After watching the video, I think my first question is resolved. It is based on the Raft consensus algorithm and data replication. Basically, each write will replicate data to multiple notes, and only majority of the node group thinks it is done, it will return to the client. In this way, we have multiple source of truth and any node has this replica can answer a strong-consistent query. Then, I am more curious about the performance. This video does not answer my fourth question though.
This video mentioned how transaction is implemented, but it is only briefly mentioned. My first intuition is that this process has so many race conditions that can break transaction. Also, it does not give many details about isolation levels. My third question is briefly explained too, but I still do not know how index is constructed and the performance.
Anyway, I need to read more.
I am back after surfing the internet for the whole afternoon! There are quite a few blogs and videos discussing transactions in CockroachDB, but none of them show the details I desire, so I was still lost until I read this paper RAFT based Key-Value Store with Transaction Support. I would admit that I love short papers! This paper is not about CockroachDB, but I believe CockroachDB uses the same idea. Basically, it is Raft + 2PC. The transaction coordinators form a Raft group. The data shards form a group of Raft groups. The transaction coordinator leader uses 2PC(two-phase commit) algorithm to coordinate data shards leaders to commit a transaction.
So far, we figured out how distributed transaction works. The paper also provides some benchmark data. Write transaction can take up to 5 seconds given heavy loads! I am more curious to see CockroachDB’s benchmark. We are still left with the 3rd and 4th questions.
OK. After digging around for some more time, It is 11:41pm PST. I found this post from CockroachDB team. It is well written. Now I understand how data is stored in the kv store and how secondary indices are implemented. But how about joins?

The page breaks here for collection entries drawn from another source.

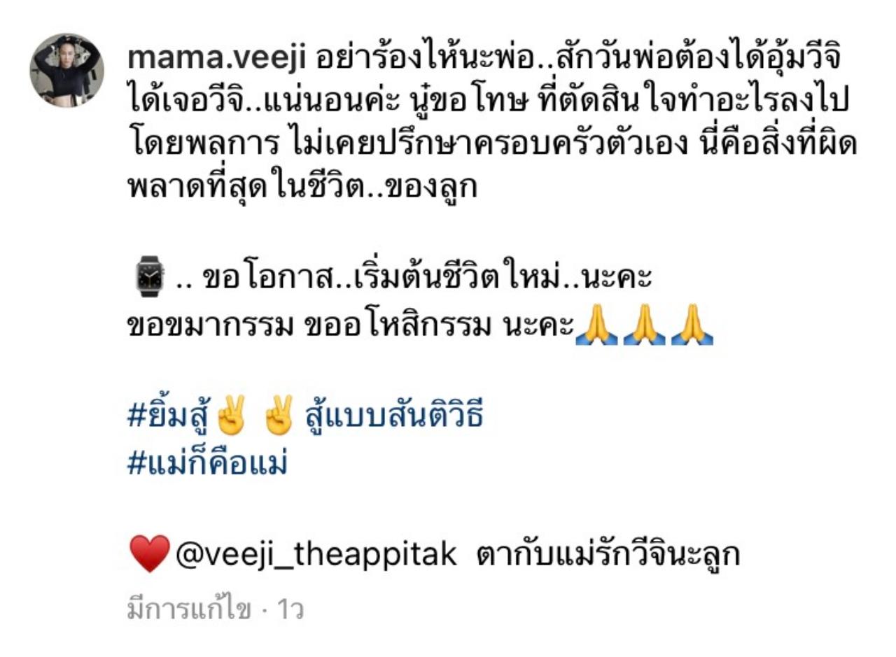 ขอโอกาส..เริ่มต้นชีวิตใหม่..นะคะ ขอขมากรรม ขออโหสิกรรม นะคะ #ยิ้มสู้ สู้แบบสันติวิธี #แม่ก็คือแม่ @veeji_theappitak ตากับแม่รักวีจินะลูก"
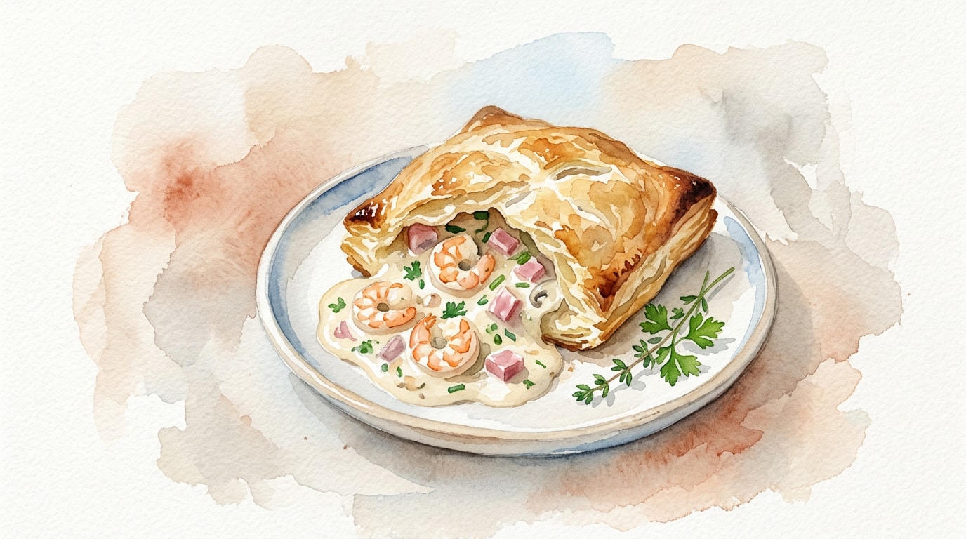 Place the hollowed hard rolls on individual serving plates. Spoon the hot creamy shrimp and ham mixture generously into the center of each roll, allowing the sauce to overflow slightly onto the plate. Serve immediately.
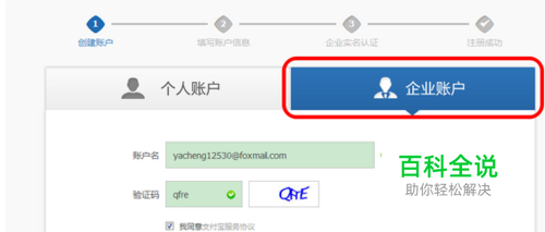 2、在“创建账号”页面,选择企业账号。然后输入邮箱名(邮箱名就是新注册的支付宝帐号名称)等信息,点击“下一步”。
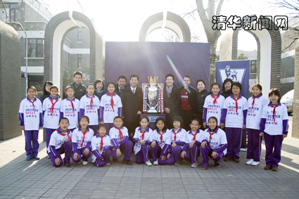 “学转英超”青少年足球普及项目展示是清华附小阳光体育节启动仪式上的一项重要活动。庆典仪式上,清华附小校长窦桂梅代表学校对英国驻华教育公使以及英国足球超级联赛和我国教育部、足协和北京奥运促进会的客人们表示欢迎。窦桂梅说,清华附小一直高度重视学生体育,将学生的健康放在首位,并把足球作为清华附小未来体育发展的重要战略。艾琳女士介绍了英国足球发展的历史和中国教育部合作在青少年中推广足球的项目情况。
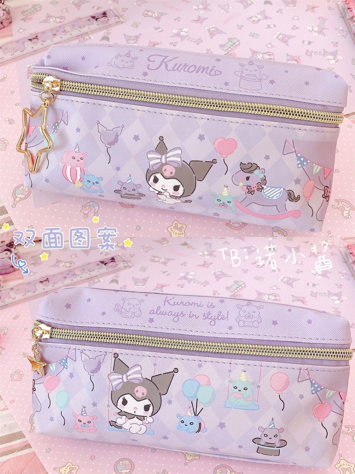 のニュースター クロミ シナモンドッグ 二層ジッパー筆箱 小中学生 女の子 ハート増量 収納袋
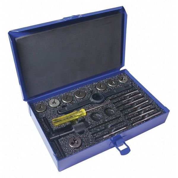 Tap and Die Set, Number of Pieces 19, Die Shape Round, Tap Type Hand Tap, Die Material Carbon Steel, Thread Sizes Included #0-80, #1-72, #10-24, #2-56, #3-48, #4-40, #6-32, #8-32, Die Thread Sizes Included #0-80 NF, #1-72 NF, #10-24 NC, #2-56 NC, #3-48 NC, #4-40 NC, #6-32 NC, #8-32 NC, Number Of Taps 8, Number of Dies in Set 8, Thread Standard UNC, UNF, Tap Shank Standard Table 302
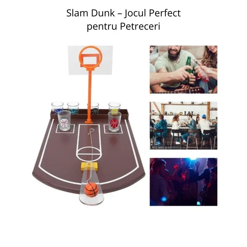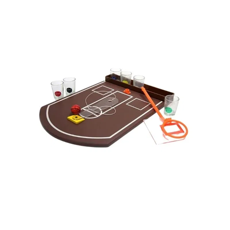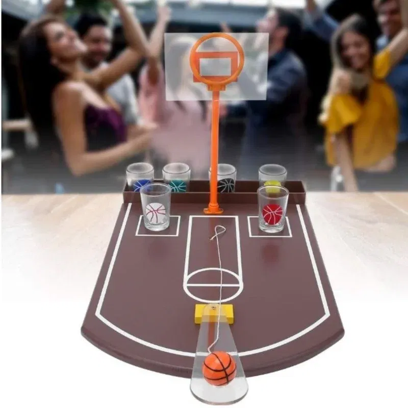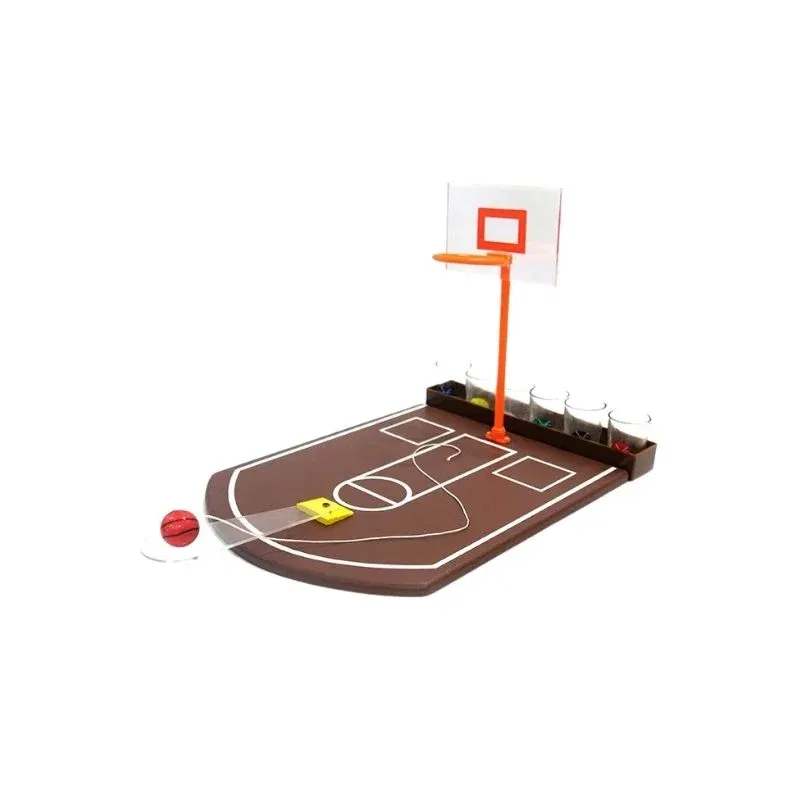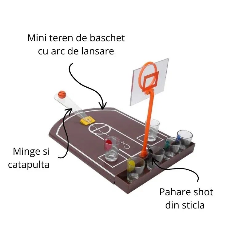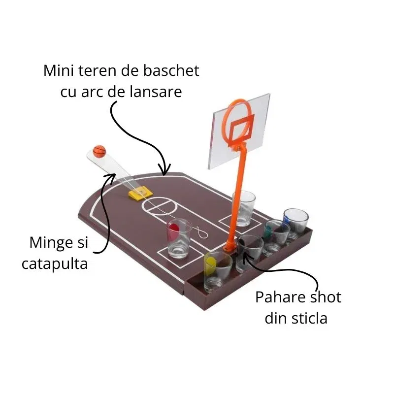 Monteaza jocul pe masa, umple paharele cu bautura si incepe provocarea! Fiecare jucator are cate o sansa sa marcheze cosul cu ajutorul lansatorului. Cine rateaza, bea. Cine inscrie, scapa. Poti adauga si reguli personalizate pentru mai multa distractie!

Btw, I came across quite a few databases I probably need to dig deep into.
- RocksDB
- BadgerDB
- BoltDB. This is archived. There is a Hacker news post saying that the author of BadgerDB was disappointed by the performance of BoltDB, so he/she invented BadgerDB.
- pebble
- TiKV
2023-06-20 Mon
TIL: https://wg21.link/index.html is the place to search all C++ Standards Committee Papers. It is a really a wonderful place for me to dig into the history of some topics.
2023-06-15 Thu
TIL: LLVM does have its libc++ library, but its libc library is not ready to use. So it will use whatever libc library provided by OS: glibc, apple libc, Musl, etc.

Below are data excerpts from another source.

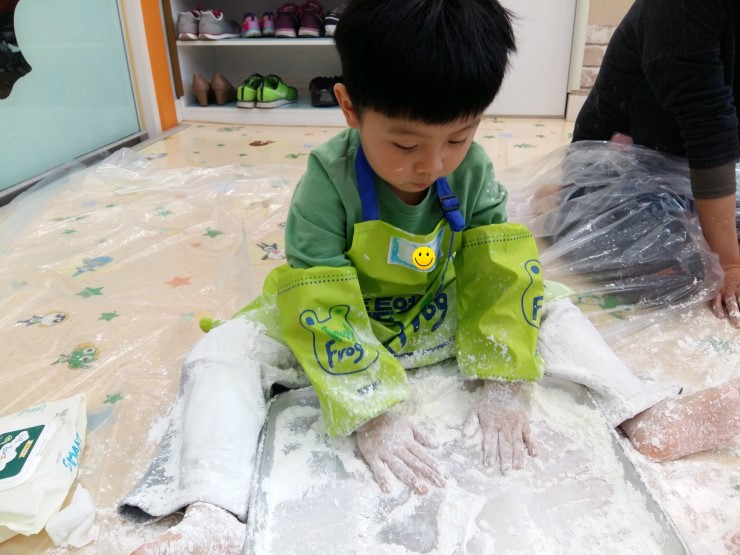 ▲ 본격적으로 가루를 가지고 놀기 시작했어요. 나눠 주신 전분가루의 감촉을 느끼며 한참 눈가루를 뿌려대며 놀았습니다. 전분가루에 가루물감과 물을 넣고 섞어서 부침개 묽기의 반죽상태로 만든 후 그 촉감을 느껴 보고 바닥에 쏟았을 때의 모습을 관찰했습니다. 밀가루반죽과는 달리 액체 상태의 반죽에 전분가루를 좀 더 부으면 고체 상태처럼 응고되는 듯한 촉감이 느껴지고 반죽그릇을 뒤집으면 길게 엿가락처럼 매달리는 모습이 참 신기하더라고요. 한 시간이 순식간에 지나가버렸습니다. 전분가루의 또다른 장점은 물로 쉽게 지워진다는 거죠. 집에서 가루놀이를 도전하기엔 전분가루가 제격입니다. 아이는 정말 좋아하지만 집에서는 쉽게 해줄 수 없는 놀이를 아이맘카페 특강으로 참여할 수 있어서 엄마와 아이 둘 다 만족스러운 시간이었습니다.
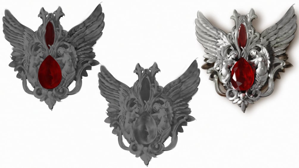華やかな装飾品を描く際、「透明感が出ない」「レイヤー構造が不明確」「立体感が足りない」といった悩みが多く見られます。今回のチュートリアルでは、まず造形構造から着手し、明確なシルエットとボリュームを構築します。次に、**アンビエント・オクルージョン(閉塞影)を用いてパーツ間の境界を際立たせ、宝石の透光感や金属の反射特性を丁寧に描き込みます。最後に光の減衰(Light fall-off)**を加えることで、空間的な奥行きと重量感を表現します。
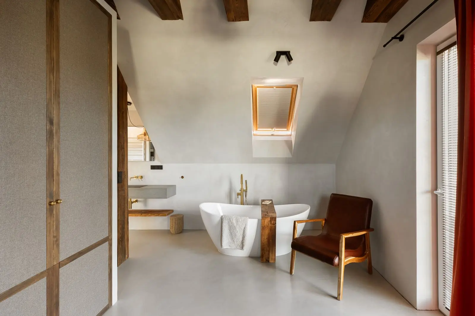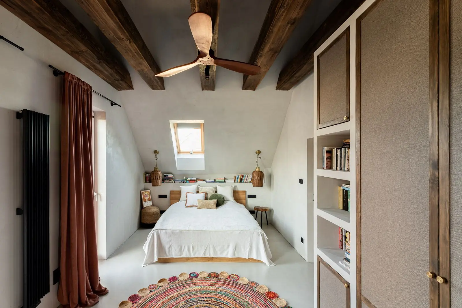 Sypialnia, jako oaza regeneracji i nabierania sił, została stworzona z myślą o komforcie i spokoju. Właściciele domu zapragnęli połączyć w jednej przestrzeni sypialnię, garderobę oraz łazienkę. Podniesiony sufit pozwolił odsłonić elementy konstrukcji dachu i wyeksponowanie starego drewna, które jest obecne w całym domu. Przechodnia garderoba stanowi doskonałe rozwiązanie, łącząc sypialnię z łazienką, zapewniając jednocześnie funkcjonalność i estetykę. Wentylator z drewnianym wykończeniem dodaje charakteru, tworząc atmosferę sprzyjającą wyciszeniu i relaksowi.
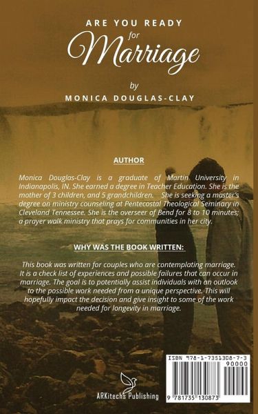 Why was the book written: This book was written for couples who are contemplating marriage. It is a check list of experiences and possible failures that can occur in marriage. The goal is to potentially assist individuals with an outlook to the possible work needed from a unique perspective. This will hopefully impact the decision and give insight to some of the work needed for longevity in marriage,
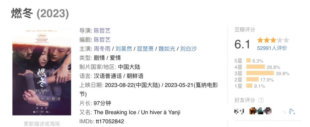 我是当时给了《燃冬》中上评价的人,用的词是 " 总体喜欢 ",微博发了一篇观看《燃冬》的合理预期和门槛,希望这部片能找准受众,宣发也不要再骗观众了。
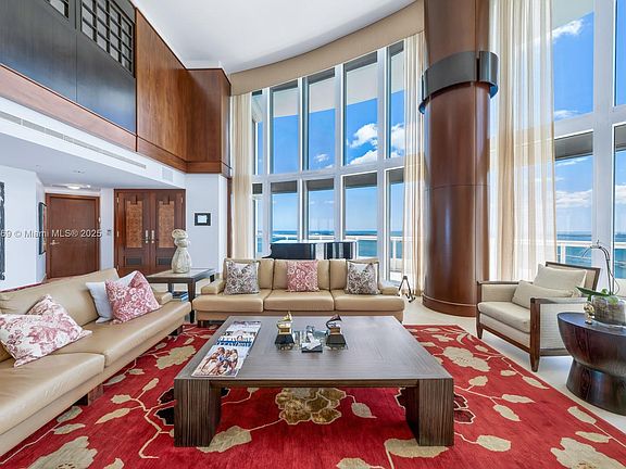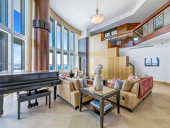 Discover this stunning 2-story corner residence at the iconic Santa Maria in Brickell. This sky-high home features an expansive wraparound terrace with sweeping ocean and bay views. Enter through a private foyer to walls of glass framing dazzling water vistas, and entertain with ease across multiple living and gathering spaces. The gourmet kitchen, with Gaggenau and Sub-Zero appliances, flows seamlessly into the dining area. The lavish primary suite offers a walk-in closet and spa-like bath with stone finishes, rainfall shower, and jacuzzi tub. Additional highlights include a soundproof movie theater, versatile den, high-end finishes, 3 parking spaces, storage, and more. Residents also enjoy newly reimagined amenities including a state-of-the-art fitness center, pool, tennis court, & more.
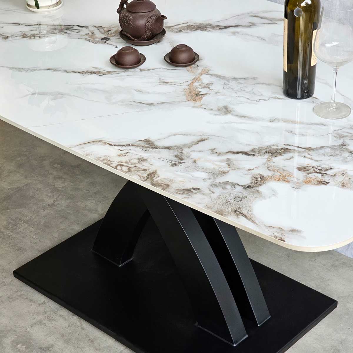 Bàn ăn chữ nhật BA68179 có mặt bàn được làm bằng đá ceramic, là một loại vật liệu cao cấp được sản xuất bằng cách chế tạo từ đất sét hoặc các nguyên liệu khoáng chất khác, sau đó đốt nung ở nhiệt độ cao để tạo ra một vật liệu cứng và không thấm nước. Đá ceramic có nhiều đặc điểm thuận lợi, bao gồm độ bền cao, khả năng chịu nhiệt tốt, kháng hóa chất, không bị ảnh hưởng bởi ánh sáng mặt trời hoặc màu sắc, và dễ dàng làm sạch. Nó cũng có thể có nhiều màu sắc, hoa văn và kích thước khác nhau, cho phép nó được sử dụng trong nhiều ứng dụng khác nhau.

See more details in this post. https://stackoverflow.com/questions/59019932/what-standard-c-library-does-clang-use-glibc-its-own-or-some-other-one
Also learnt the difference between abort
and exit
: https://stackoverflow.com/questions/397075/what-is-the-difference-between-exit-and-abort
2023-06-10 Sat
TIL: https://github.com/haoNoQ/clang-analyzer-guide/releases
2023-06-07 Wed
Last time I said LLVM static analyzer is my next focus. But I found it is so hard. I spent two days reading Prof. Anders Moller’s book Static Program Analysis, and some companying videos, called “DECA I” on Youtube. But still I found it not easy to follow.

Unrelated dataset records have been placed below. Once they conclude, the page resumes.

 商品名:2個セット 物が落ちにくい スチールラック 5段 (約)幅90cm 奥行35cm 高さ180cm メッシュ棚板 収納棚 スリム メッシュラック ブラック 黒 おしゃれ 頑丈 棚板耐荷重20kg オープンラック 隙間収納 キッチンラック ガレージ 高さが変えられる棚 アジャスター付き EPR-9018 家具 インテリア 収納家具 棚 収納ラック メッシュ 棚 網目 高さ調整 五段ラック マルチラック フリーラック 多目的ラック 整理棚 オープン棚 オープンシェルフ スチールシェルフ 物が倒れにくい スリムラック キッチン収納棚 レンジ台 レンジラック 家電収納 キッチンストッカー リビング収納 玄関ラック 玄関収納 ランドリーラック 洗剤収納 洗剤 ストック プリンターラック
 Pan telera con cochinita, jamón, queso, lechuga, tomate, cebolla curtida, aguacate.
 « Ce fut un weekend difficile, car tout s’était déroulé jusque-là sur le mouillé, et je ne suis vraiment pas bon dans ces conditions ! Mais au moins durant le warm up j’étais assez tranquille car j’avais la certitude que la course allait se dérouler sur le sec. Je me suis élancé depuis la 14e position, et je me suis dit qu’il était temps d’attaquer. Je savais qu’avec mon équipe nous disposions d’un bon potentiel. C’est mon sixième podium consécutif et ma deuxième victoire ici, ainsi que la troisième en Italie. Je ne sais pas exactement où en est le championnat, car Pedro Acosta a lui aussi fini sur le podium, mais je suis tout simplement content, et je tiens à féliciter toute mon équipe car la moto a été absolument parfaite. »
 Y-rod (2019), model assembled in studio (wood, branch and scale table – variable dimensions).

Meanwhile, Prof. Claire Le Goues’s course Program Analysis seems quite interesting. I think it is better to learn it by doing projects.
2023-06-04 Sun
LLVM static analyzer will be my next focus.
2023-06-01 Thu
TIL:
The final period or comma goes inside the quotation marks, even if it is not a part of the quoted material, unless the quotation is followed by a citation. If a citation in parentheses follows the quotation, the period follows the citation.
Grammarly helps!
2023-05-27 Sat
TIL: Split Infinitives
I started using grammarly and it pointed me a potential mistake like to easily use
. According to https://www.niu.edu/writingtutorial/grammar/split-infinitives.shtml,
An infinitive is a verb preceded by the word to: (to write, to examine, to take, to cooperate). When an adverb appears between to and the verb itself, we get a split infinitive.
2023-05-24 Wed
TIL: The Inverted Pyramid Structure
2023-05-16 Tue
Definitely will never read the memory paper from Ulrich. :)
2023-05-14 Sun
After reading a lot of ELF in the last 3 weeks. I will pick up mold source code. I found that I can attach vscode to k8s. I will do that I want to dig into x86 binary files.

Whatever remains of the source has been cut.